Ketika mendarat di Bandara Soekarno Hatta sepulang dari Qatar, sang ibu langsung menitipkan Gilang ke rumah penitipan anak (RPA) TKI secara diam-diam.
 "Sudah hampir dua bulan Gilang di sini, sudah seperti anak saya sendiri," kata Yudhi pengelola RPA tersebut sambil merengkuh dan menciumi bayi itu. 
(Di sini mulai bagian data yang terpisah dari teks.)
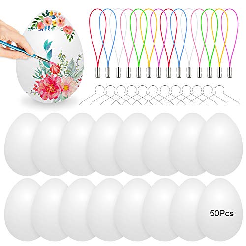 Påskägg dekoration, plast, vit, 50 st, plastägg, 6 cm, dekorativa ägg, plastägg för pyssel, dekoration, påsk, plast, påskägg med hängare för hantverk, målning, hängande
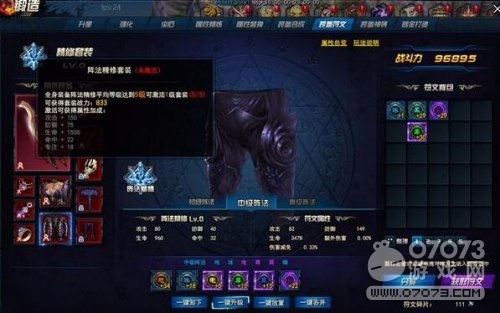 高级阵法精修同样需要高级阵法达到紫色品质;当前装备高级阵法所镶嵌符文等级总计要达到8级。
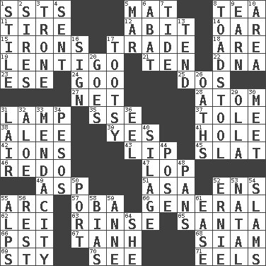 ACROSS 1. Fast planes 5. Floor protector 8. Beverage made from leaves 11. Hoop that covers a wheel 12. "This won't hurt ____!" 14. Boat paddle 15. Removes the wrinkles 17. Buy and sell 18. "We ___ not amused" (Victoria) 19. Small, flat, pigmented spot on the skin 21. "___ Little Indians" 22. Heredity factor (abbr.) 23. Compass dir. 24. Thick or sticky substance 25. Two (Sp.) 27. Fish or hair follower 28. Smallest unit of an element 31. Desk light 35. Compass dir. 37. Lacquered or enameled metalware 38. Toward shelter 39. Affirmative reply 41. Opening into or through something 42. Charged particles 43. Mouth edge 45. Narrow board 46. Make new 47. Trim (branches) 49. Viper 51. White ___ sheet 52. Followers of ems 55. Curve 57. Chief or king in Benin or Nigeria 60. Commissioned military rank 62. Luau accessory 63. Wash lightly 65. Before Barbara or Clara 66. Pacific Standard Time (abbr.) 67. Hyperbolic tangent 68. Thailand, formerly 69. Filthy place 70. Perceive with the eye 71. Snakelike fish DOWN 1. Vertical member of a panel or frame 2. Titles for men of rank and authority 3. Heavy duty weighing machine 4. Posted 5. Third mo. 6. Blind as ____ 7. Periodic rise and fall of the sea level 8. Inedible or poisonous agaric 9. Merit 10. Length times width 13. Look after 16. Signal 17. A girl or young woman (variant) 20. Leaves 26. Curses 29. Rounded earthenware pot or jar 30. Rendezvous 31. Den 32. _ vera 33. Ananias' fault 34. Mexican monetary units 36. Snakelike fish 40. Fodder prepared in a silo 44. Introduce or present, as a question 48. Baking dishes 50. Sweet dark-red dessert wine 52. Bert's buddy 53. Brizilian seaport 54. Hits or strikes with great force 55. High mountains 56. Remainder 58. Prejudice 59. Queen of England 1702-14 61. Relaxation 64. A female animal or person
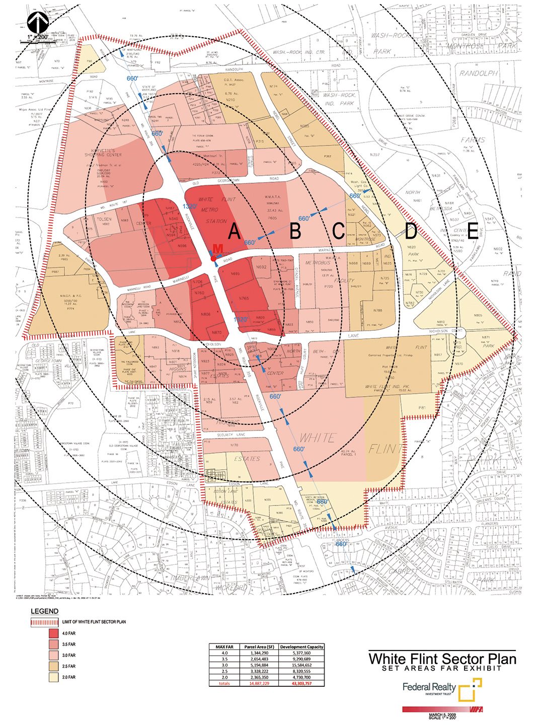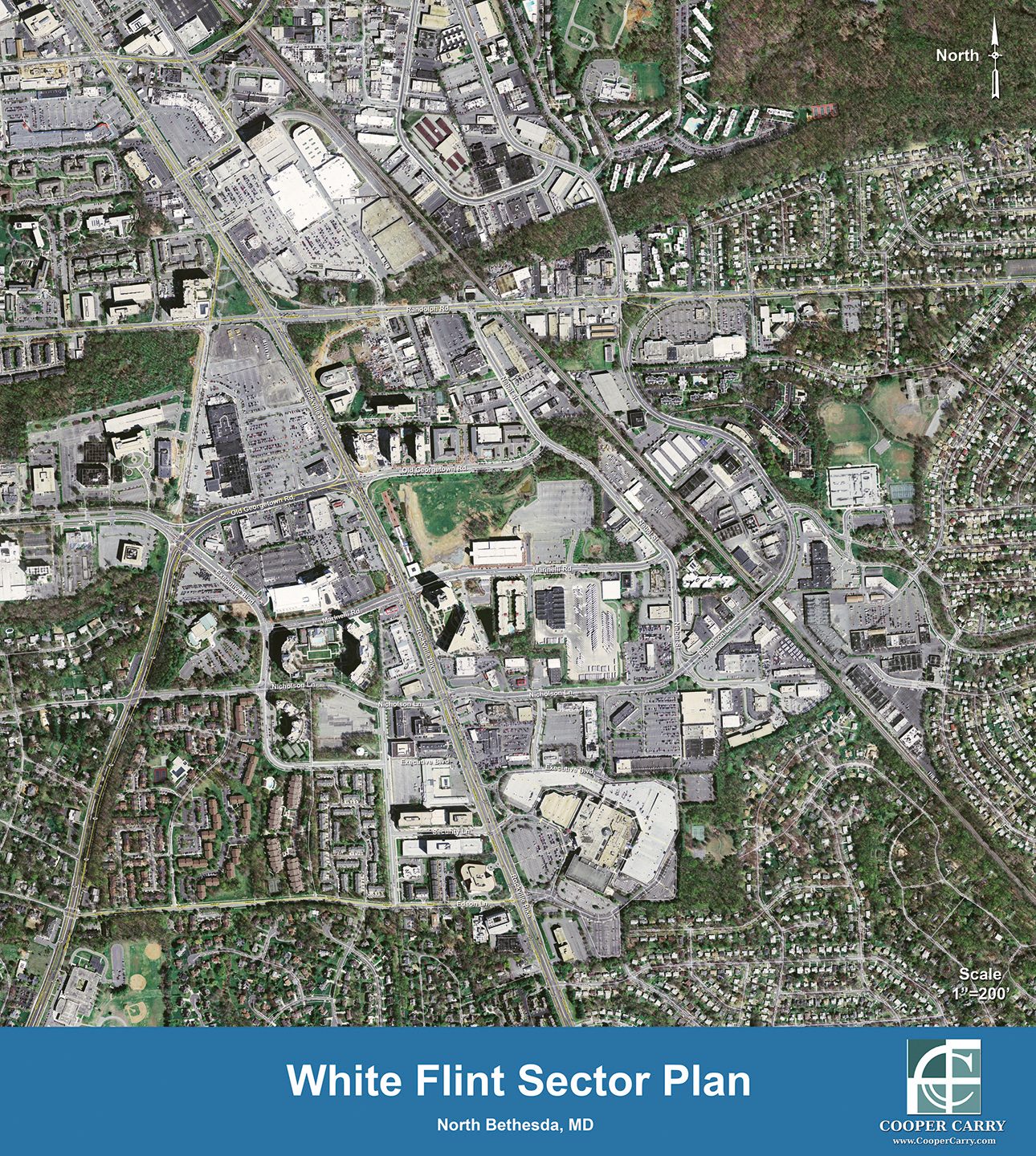 During the Montgomery County White Flint Sector Plan process, Cooper Carry worked with a consortium of developers and with Maryland National Park and Planning Commission, looking to guide consensus on density and urban design within the area’s boundaries. Cooper Carry developed FAR and height diagrams to match the county’s vision for mixed-use, dense community in the future in order to guide area-wide rezoning. Height and density cluster around the metro station exits and Rockville Pike in an oval, reflecting the transit nodes and infill road connections to these nodes. This layout physically illustrates the importance of the Rockville Pike corridor that connects the neighborhood to downtown DC, while respecting the single family residential neighborhoods surrounding the central core. Cooper Carry also master planned two sites within the sector for different developers.

Gilang adalah salah satu penghuni RPA TKI. Dia di situ bersama tiga bayi lain. Mereka adalah Najia Nurfatilah Sohar, 14 bulan; Rizki Ardiansyah, 13 bulan; dan Sanan 24 hari.
Sejak berdiri pada Februari 2009, RPA TKI, sebuah lembaga independen telah menyelamatkan sepuluh bayi hasil hubungan gelap TKI. 

Menurut Yudhi, salah satu pengelola RPA TKI, selain empat yang masih di penampungan, dua bayi telah diadopsi orang tua asuh, dan empat lainnya diambil kembali oleh ibunya.
Semua bayi penghuni RPA merupakan anak hasil hubungan gelap atau buah perkosaan terhadap ibunya di luar negeri. Ibu bayi-bayi tak berdosa yang bekerja sebagai pendulang devisa itu kadang terlalu malu membawa pulang bayinya.
Karena itu, tak sedikit tenaga kerja wanita (TKW) yang lebih memilih menelantarkan atau membuang bayi-bayi itu di toilet sesaat setelah mendarat di terminal 4 Bandara Soekarno-Hatta. "(Kejadian) itu sebelum RPA TKI ini berdiri," tutur Yudi.

RPA TKI sendiri terletak di perkampungan padat penduduk di belakang kompleks Bandara Soekarno-Hatta, Jalan Adi Sucipto, Tangerang, Banten.
Karena biaya terbatas, pria 29 tahun itu hanya mampu menyewa sebuah rumah di gang sempit berjarak sekitar 500 meter dari runway Terminal I Bandara Soekarno-Hatta.
Tentu saja suara bising pesawat selalu terdengar hampir setiap menit. Menurut alumnus IAIN Serang itu, bayi-bayi penghuni RPA tersebut mempunya kisah pilu.
"Kisah Gilang paling menyentuh," katanya. 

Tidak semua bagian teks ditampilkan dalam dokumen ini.